Reputation: 138
test.py:
import pandas as pd
import numpy as np
df = pd.read_excel("C:\\Users\\Admin\\Desktop\\Horticulture\\test_data.xlsx")
df_pivot = pd.pivot_table(
df,
index=["sizeoforchardholding", "nooforchardists"],
columns="fruit_plant_kind",
values=["sizeoforchardholding", "nooforchardists"],
aggfunc={"fruit_plant_count": sum},
fill_value=0,
margins=True,
).reset_index()
print(df_pivot)
result_pivot = df_pivot.to_dict("r")
print(result_pivot)
error:
Traceback (most recent call last):
File "d:\Code\pandas test\test.py", line 5, in <module>
df_pivot = pd.pivot_table(
File "C:\Users\Admin\AppData\Local\Programs\Python\Python310\lib\site-packages\pandas\core\reshape\pivot.py", line 95, in
pivot_table
table = __internal_pivot_table(
File "C:\Users\Admin\AppData\Local\Programs\Python\Python310\lib\site-packages\pandas\core\reshape\pivot.py", line 228, in __internal_pivot_table
table = _add_margins(
File "C:\Users\Admin\AppData\Local\Programs\Python\Python310\lib\site-packages\pandas\core\reshape\pivot.py", line 272, in _add_margins
grand_margin = _compute_grand_margin(data, values, aggfunc, margins_name)

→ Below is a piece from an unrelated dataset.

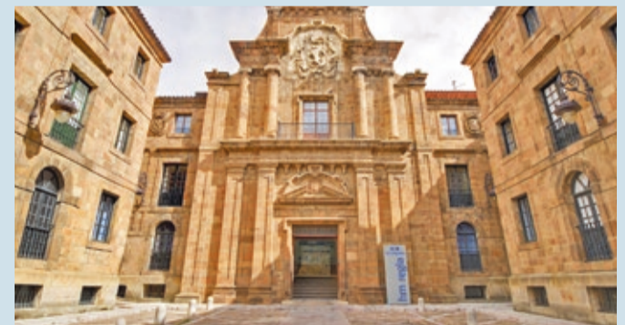
Fachada del hospital HM La Regla, que acogerá el Servicio de Oftalmología.

File "C:\Users\Admin\AppData\Local\Programs\Python\Python310\lib\site-packages\pandas\core\reshape\pivot.py", line 342, in _compute_grand_margin
if isinstance(aggfunc[k], str):
KeyError: 'sizeoforchardholding'
this is the sample output of the data in thexlsx
file:
print (df)
fruit_plant_kind sizeoforchardholding nooforchardists fruit_plant_count
1 Apple 0.5 to 1.0 Acre 2 6
2 Almond 0.5 to 1.0 Acre 2 500
3 Almond 1.0 to 1.5 Acre 1 300
4 Aonla 1.0 to 1.5 Acre 1 250
So what I want the output to be is to index the data according to the sizeoforchardholding
and nooforchardists
and the column to be the fruit_plant_kind
and the value should be the sum of fruit_plant_kind
according to these two indexes
eg:
sizeoforchardholding nooforchardists fruit_plant_count
fruit_plant_kind Almond Aonla Apple Apple seedling Pear Plum Star fruit
0 0.5 to 1.0 Acre 1 0 0 800 0 0 400 0
1 0.5 to 1.0 Acre 2 506 0 550 0 0 0 0
2 0.5 to 1.0 Acre 3 0 0 235 0 0 0 0
As you can see above in 0.5 to 1.0 Acre
with nooforchardists=2
the Almonds = 506
is clearly the sum of the base table.
but now what I want is to get the sum of all the columns at the end. for example the sum of Apples=1585
according to the data above.
Upvotes: 0
Views: 290
Reputation: 862801
You can use fruit_plant_count
for parameter values
instead ["sizeoforchardholding", "nooforchardists"]
:
df_pivot = pd.pivot_table(df,
index=["sizeoforchardholding","nooforchardists"],
columns="fruit_plant_kind",
values="fruit_plant_count",
aggfunc='sum',
margins=True,
margins_name='Sum',
fill_value=0).reset_index().rename_axis(None, axis=1)
print (df_pivot)
sizeoforchardholding nooforchardists Almond Aonla Apple Sum
0 0.5 to 1.0 Acre 2 500 0 6 506
1 1.0 to 1.5 Acre 1 300 250 0 550
2 Sum 800 250 6 1056
Upvotes: 1